The race director also puts everyone’s name on a personal laminated sign along the course, along with funny and inspirational quotes. That helped keep me entertained.
My marathon split was around 4:55, so I knew that I was on track to break my PR. The 2nd to last lap was the hardest, because so many people were finishing up and I still had one lap to go!
I took down my name plaque/sign and ran with it the last mile. My legs were super tired from pounding the pavement and I willed them to go faster. I had a smile on my face, because at that point I knew I was going to run a PR! I finished in 5:53:38, 17 minutes faster than last year. I was stoked! I have definitely earned my lobster (in medal form and boiled form).
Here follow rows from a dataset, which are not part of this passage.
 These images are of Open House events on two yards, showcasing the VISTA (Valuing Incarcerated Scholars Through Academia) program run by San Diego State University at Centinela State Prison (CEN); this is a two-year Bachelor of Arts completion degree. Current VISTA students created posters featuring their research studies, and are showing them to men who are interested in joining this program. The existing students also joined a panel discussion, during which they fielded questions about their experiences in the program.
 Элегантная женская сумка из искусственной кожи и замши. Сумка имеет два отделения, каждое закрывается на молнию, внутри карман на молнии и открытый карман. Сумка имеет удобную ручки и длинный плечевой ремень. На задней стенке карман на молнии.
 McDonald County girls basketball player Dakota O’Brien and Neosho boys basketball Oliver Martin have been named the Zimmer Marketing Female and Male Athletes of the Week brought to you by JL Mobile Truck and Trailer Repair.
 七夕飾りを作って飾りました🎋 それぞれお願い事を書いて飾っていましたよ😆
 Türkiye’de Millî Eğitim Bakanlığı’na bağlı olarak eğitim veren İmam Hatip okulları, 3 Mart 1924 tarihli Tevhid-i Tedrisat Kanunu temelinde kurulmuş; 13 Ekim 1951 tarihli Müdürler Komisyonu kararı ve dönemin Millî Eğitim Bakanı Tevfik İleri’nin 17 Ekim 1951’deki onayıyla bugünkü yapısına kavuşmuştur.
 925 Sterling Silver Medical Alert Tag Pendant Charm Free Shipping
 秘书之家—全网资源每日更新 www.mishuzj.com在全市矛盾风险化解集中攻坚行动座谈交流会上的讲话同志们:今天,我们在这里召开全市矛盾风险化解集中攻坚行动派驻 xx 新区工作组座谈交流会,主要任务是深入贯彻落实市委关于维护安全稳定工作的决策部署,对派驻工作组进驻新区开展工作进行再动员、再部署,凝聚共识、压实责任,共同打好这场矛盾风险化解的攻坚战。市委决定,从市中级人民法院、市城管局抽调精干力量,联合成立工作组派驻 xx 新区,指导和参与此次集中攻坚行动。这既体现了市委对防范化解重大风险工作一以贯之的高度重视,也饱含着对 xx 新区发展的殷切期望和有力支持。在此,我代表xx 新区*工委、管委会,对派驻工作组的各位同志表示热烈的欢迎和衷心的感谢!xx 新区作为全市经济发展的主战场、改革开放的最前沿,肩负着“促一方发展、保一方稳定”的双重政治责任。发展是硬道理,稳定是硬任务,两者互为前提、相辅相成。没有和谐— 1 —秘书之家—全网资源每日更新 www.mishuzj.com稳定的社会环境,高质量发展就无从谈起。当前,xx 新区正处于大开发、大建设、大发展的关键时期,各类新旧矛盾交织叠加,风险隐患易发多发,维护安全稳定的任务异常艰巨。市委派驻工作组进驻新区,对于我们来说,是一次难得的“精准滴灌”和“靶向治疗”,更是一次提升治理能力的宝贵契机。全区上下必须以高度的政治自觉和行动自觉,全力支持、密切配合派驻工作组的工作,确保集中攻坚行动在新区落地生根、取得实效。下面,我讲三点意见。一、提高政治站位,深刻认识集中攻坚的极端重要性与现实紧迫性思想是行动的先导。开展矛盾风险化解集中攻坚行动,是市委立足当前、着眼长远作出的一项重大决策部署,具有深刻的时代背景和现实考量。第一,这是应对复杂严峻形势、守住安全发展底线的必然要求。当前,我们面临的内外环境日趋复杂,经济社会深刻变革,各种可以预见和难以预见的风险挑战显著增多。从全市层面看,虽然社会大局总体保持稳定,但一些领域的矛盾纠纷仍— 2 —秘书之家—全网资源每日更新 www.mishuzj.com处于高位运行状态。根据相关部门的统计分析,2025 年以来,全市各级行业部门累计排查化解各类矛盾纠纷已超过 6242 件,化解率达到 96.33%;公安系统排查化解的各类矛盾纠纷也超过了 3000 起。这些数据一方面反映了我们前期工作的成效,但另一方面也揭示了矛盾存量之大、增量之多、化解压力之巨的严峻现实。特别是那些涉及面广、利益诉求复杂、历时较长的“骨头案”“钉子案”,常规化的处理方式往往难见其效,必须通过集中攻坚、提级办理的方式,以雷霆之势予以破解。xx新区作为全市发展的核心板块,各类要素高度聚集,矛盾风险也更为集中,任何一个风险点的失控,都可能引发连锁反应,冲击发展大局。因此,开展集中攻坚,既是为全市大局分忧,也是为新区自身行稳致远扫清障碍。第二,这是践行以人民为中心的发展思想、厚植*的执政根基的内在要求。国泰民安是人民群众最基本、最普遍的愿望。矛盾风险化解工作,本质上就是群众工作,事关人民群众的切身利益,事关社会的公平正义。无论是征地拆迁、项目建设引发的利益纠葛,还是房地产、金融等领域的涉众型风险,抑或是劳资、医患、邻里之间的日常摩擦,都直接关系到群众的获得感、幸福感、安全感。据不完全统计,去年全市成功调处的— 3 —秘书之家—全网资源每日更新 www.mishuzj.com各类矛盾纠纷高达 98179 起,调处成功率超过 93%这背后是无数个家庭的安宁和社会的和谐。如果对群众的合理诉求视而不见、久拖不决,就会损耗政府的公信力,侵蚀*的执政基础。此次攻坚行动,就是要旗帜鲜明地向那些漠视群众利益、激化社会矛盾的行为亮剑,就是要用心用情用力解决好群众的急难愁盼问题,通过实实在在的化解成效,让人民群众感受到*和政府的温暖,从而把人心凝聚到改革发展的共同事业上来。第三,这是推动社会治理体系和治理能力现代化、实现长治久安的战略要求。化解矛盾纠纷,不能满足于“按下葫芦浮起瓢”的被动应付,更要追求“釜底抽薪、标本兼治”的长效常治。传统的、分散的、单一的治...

I congratulated Shane on his PR as well, and I made sure to pick up my finisher’s granite rock along with my medal! It was a great day with awesome racing conditions.
The race provides rustic showers on the campground, and it was a nice amenity. Before that, though, Shane and I decided to walk to the dock and dunk into the Atlantic Ocean. The water was freezing so I only went in partway, but Shane decided to swim a couple hundred feet out. Yeah, no big deal. It was a good cool-down, at least?
As the sun set, the bonfire got started, the lobsters were cooked in waves, and the bugs came out in full force.
The only bad thing about Maine is the mosquitoes. The little buggers are vicious. I got bit through layers of clothing! However, I had such a good day that I blocked out the pain.
Each runner was served a boiled lobster with butter, corn, and everyone gathered around the bonfire to chat. There was an awards ceremony, and one of the runners, Doug, served as the DJ. It was a perfect night and you could see the stars very clearly. Although my body was tired, my mind was in awe of the beauty of this island. The people are what make it special.
The next morning, we enjoyed a breakfast put on by the Ladies’ Aid Society, strolled on the main road to the Whale’s Rib gift shop (shopped for souvenirs), and chatted with a runner from Paris at the Cranberry General Store. I almost didn’t want to board the ferry to leave so soon!
Thanks to Gary Allen and Mary Ropp for putting on such a special race. Thanks to all the volunteers, Shane’s family, and all the spectators for cheering! It truly is the best race forever, and I was glad to be a part of it.